Membahas Siklus Akuntansi Perusahaan Jasa secara lengkap dari jurnal umum sampai laporan kuangan perusahaan jasa

JURNAL UMUM - PENGERTIAN, FUNGSI DAN CARA MEMBUATNYA

Dalam pembahasan materi akuntansi pada blog akuntansi-jasa.blogspot.com sebelumnya telah dijelaskan tentang siklus akuntasi, dalam pembahasan tersebut Jurnal umum adalah bagian tak terpisahkan dari siklus akuntansi yang tergolong dalam tahap pencatatan.

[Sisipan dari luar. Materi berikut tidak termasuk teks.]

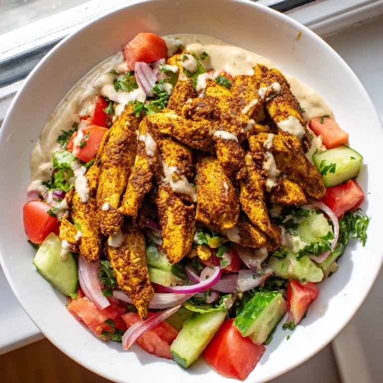 Pin It I first tried shawarma from a street cart in downtown Toronto on a cold October night, and the warmth of those spices stayed with me for weeks. When I finally recreated it at home, I skipped the pita and piled everything over a bright, crunchy salad instead. The tahini pooled into the tomatoes, the chicken stayed juicy, and I realized I'd never go back to the wrapped version. It felt lighter, fresher, and somehow more satisfying. That's when this bowl became my go-to whenever I wanted something vibrant without the heaviness.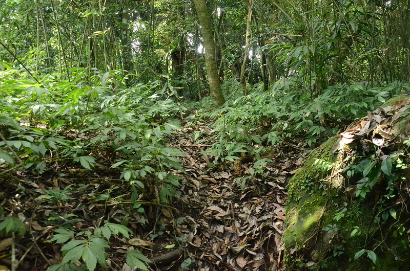 由兩座蓄水槽中間穿過隨即左切進入竹林小徑往上爬,稍有路跡。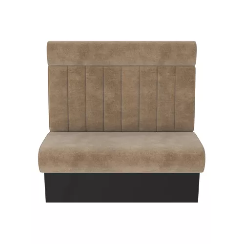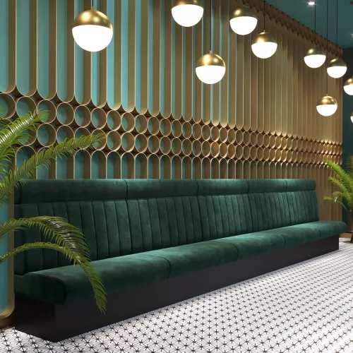 This upholstered modular bench with a chipboard sockel offers a flexible and stylish seating solution for modern horeca interiors. Inspired by the classic American diner, this custom-made bench combines aesthetic appeal with practical durability. The seat is filled with high-density foam, providing long-term comfort under heavy use. Upholstery can be customized in a wide range of professional fabrics or synthetic leather, and the option to supply your own material is available for a fully personalized look.

Selengkapnya tentang jurnal umum silahkan simak penjelasan berikut ini:

Pengertian Jurnal Umum dalam Ilmu Akuntansi

Jurnal umum adalah sebuah jurnal yang dipergunakan untuk tempat melakukan pencatatan segala  jenis bukti transaksi keuangan yang muncul akibat terjadinya berbagai transaksi keuangan perusahaan dalam suatu periode akuntansi tertentu. Jurnal umum menjadi buku harian dalam sebuah perusahaan yang berisi catatan segala transaksi yang terjadi selama periode berjalan.

Pada umumnya jurnal umum familiar dipergunakan dalam akuntansi perusahaan jasa karena pada prinsipnya segala transaksi dalam perusahaan jasa dapat dicatat secara kronologis ke dalam jurnal umum saja, sedangkan pada akuntansi perusahaan dagang lebih efektif menggunakan jurnal khusus dalam mencatat bukti transaksi yang timbul dari transaksi keuangan yang dilakukannya, meski demikian penggunaan jurnal umum juga diperlukan untuk mencatat bukti transaksi dari transaksi yang tidak bisa dicatat dalam jurnal khusus

Perusahaan jasa melakukan pencatatan bukti transaksi keuangan yang muncul dari transaksi keuangan yang dilakukannya ke dalam buku jurnal umum dengan tujuan untuk  melakukan pengidentifikasian, melakukan penilaian, dan melakukan pencatatan pengaruh ekonomi yang ditimbulkan dari berbagai jenis transaksi keuangan yang terjadi terhadap keuangan perusahaan secara kronologis untuk memudahkan proses posting atau pemindahan ke dalam suatu akun tertentu. Agar lebih dekat dalam mengenal jurnal umum lihatlah format jurnal umum berikut ini:

Gambar Format Jurnal Umum Perusahaan Jasa

Keterangan :
Dalam format jurnal umum di atas terlihat ada 6 kolom, yaitu kolom tangga, kolom nomor bukti, kolom rekening atau keterangan, kolom referensi (ref), kolom debit dan kolom kredit.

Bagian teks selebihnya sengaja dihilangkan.